Ее внезапная бодрость и посветлевшее лицо отозвались в нем дополнительной болью. «У нее не мировоззрение, а мироубежденность, т. е. неколебимая уверенность в том, что мир, такой, как он есть сейчас, устроен единственно возможным и несомненно правильным образом,» – кажется, так много лет назад говорил о ней Арабажин.
– Если Аркаша решил не сообщать вам о себе, у него несомненно были для этого какие-то причины.
– Разумеется. И я хочу услышать о них. От него самого. Может быть, эти причины важные, а может быть, и яйца выеденного не стоят. Давайте адрес. Я знаю, что Аркадий Андреевич был на фронте и даже писал оттуда корреспонденции под псевдонимом Знахарь…
– Вы знаете и это? – удивился Кауфман. – Но почему же вы тогда не искали сведений у Лиховцева, главного редактора «Мысли»?! Ведь вы с ним вроде бы с детства близко знакомы…
– Искала сразу же и непременно. Но он, к сожалению, ничего не знает. Корреспонденции от Знахаря приходили к нему из разных мест и без обратного адреса.

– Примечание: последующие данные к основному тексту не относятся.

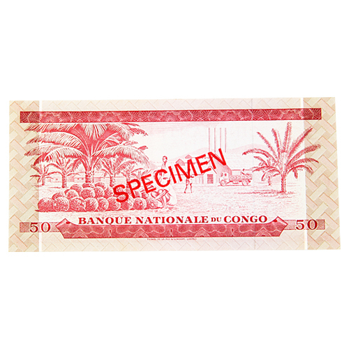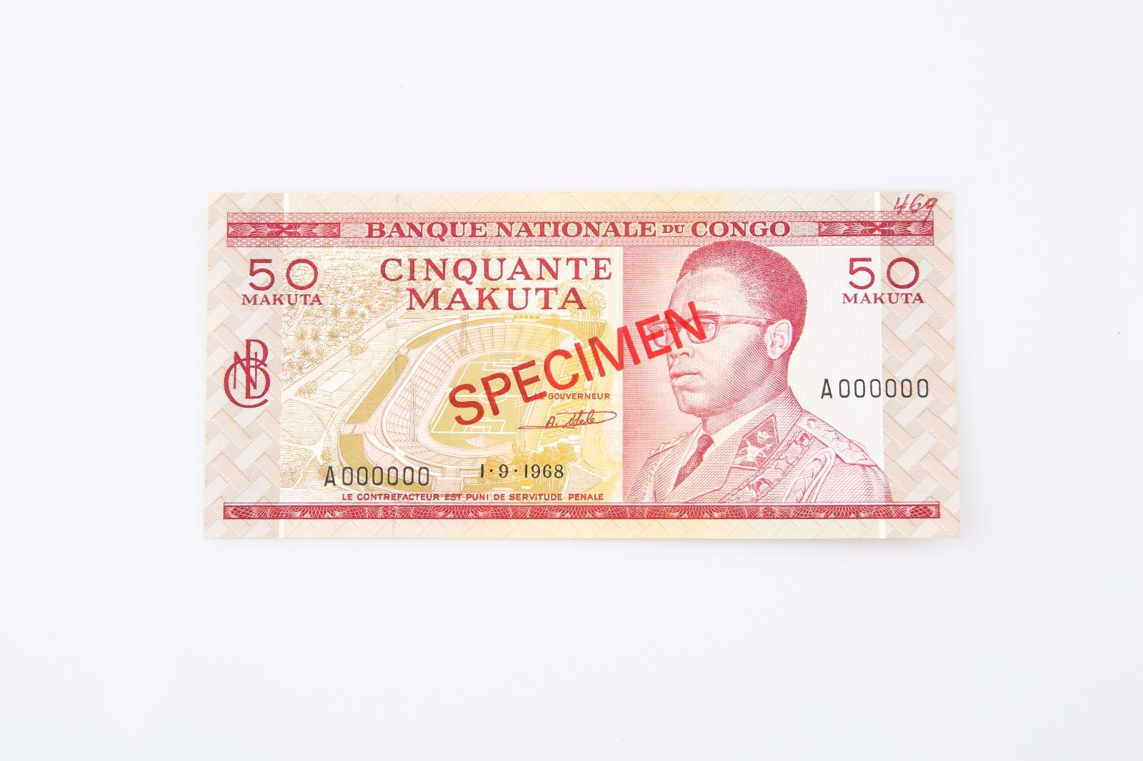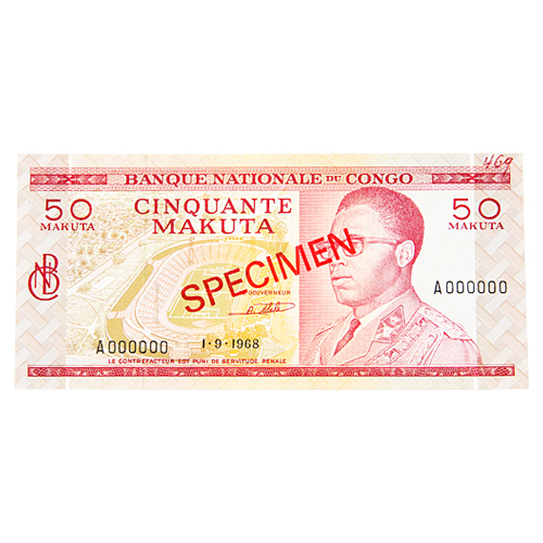 1968 Congo 50 Makuta Esemplare Nota UNC W/Rosso Inchiostro Segno P11

Адам усилием воли подавил в себе нервную дрожь и мысленно попробовал сосчитать пульс. Получалось никак не меньше 120 ударов. Причем по ощущениям сердце стучало не в груди, а прямо в глотке, где-то в районе щитовидной железы.
– Как человека, видимо презирающего всякие условности, хочу спросить вас: Лиховцеву вы тоже предлагали себя в оплату за нужную вам информацию?

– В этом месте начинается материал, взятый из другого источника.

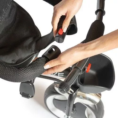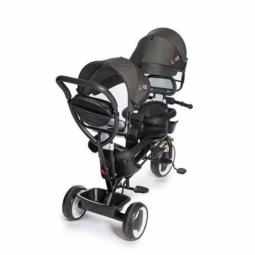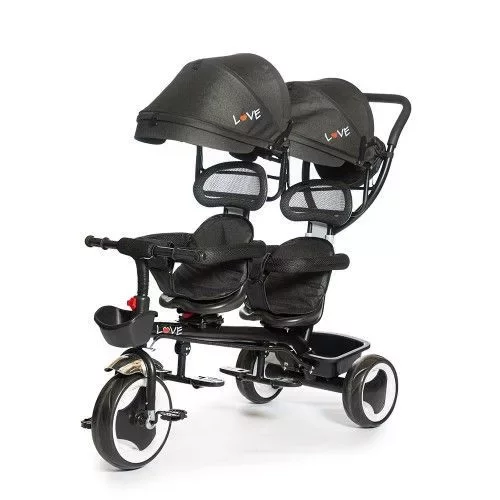 • Triciclo doble direccional con caño reforzado. n• Giratorio 360º ( solo el asiento delantero, el trasero es fijo). n• Rueda delantera 10'' y ruedas traseras 8'' n• Con apoya pies doble plegable y doble barral. n• Guiador con bolsillo porta objetos, doble capota, canasto delantero y trasero.

– Нет, – спокойно ответила Люша. – Потому что ему совсем не нужно мое тело. Он его имел когда-то много раз, и это для него почти помеха. Ему нужна моя душа, но…
Он до хруста сжал зубы, чтобы не попросить ее закончить фразу, и прижал к грудине кулак, утишая боль.
Она улыбнулась ему прохладной благодарной улыбкой.
– Я не получал писем уже больше месяца и не уверен, что до Аркаши дошли два моих последних послания. Но если он еще в армии…
За плотно закрытой дверью – шаги и разговоры хозяев. Уже совсем день… Больные на «Лунной вилле» наверняка закончили завтрак и приступили к лечебным процедурам. В некотором смысле каждый из нас заперт в своем сумасшедшем доме…
* * *
Глава 7,
В которой встречаются художники, а крестьяне громят усадьбу лесника Мартына
На берегу ручья на большом складном стуле чинно и неподвижно сидел старик.
Мелкая вода журчала, обмывая коряги и разноцветные камешки на дне. Иногда играющий в реке солнечный блик выхватывал спинку или радужный бок стоящей против течения форельки.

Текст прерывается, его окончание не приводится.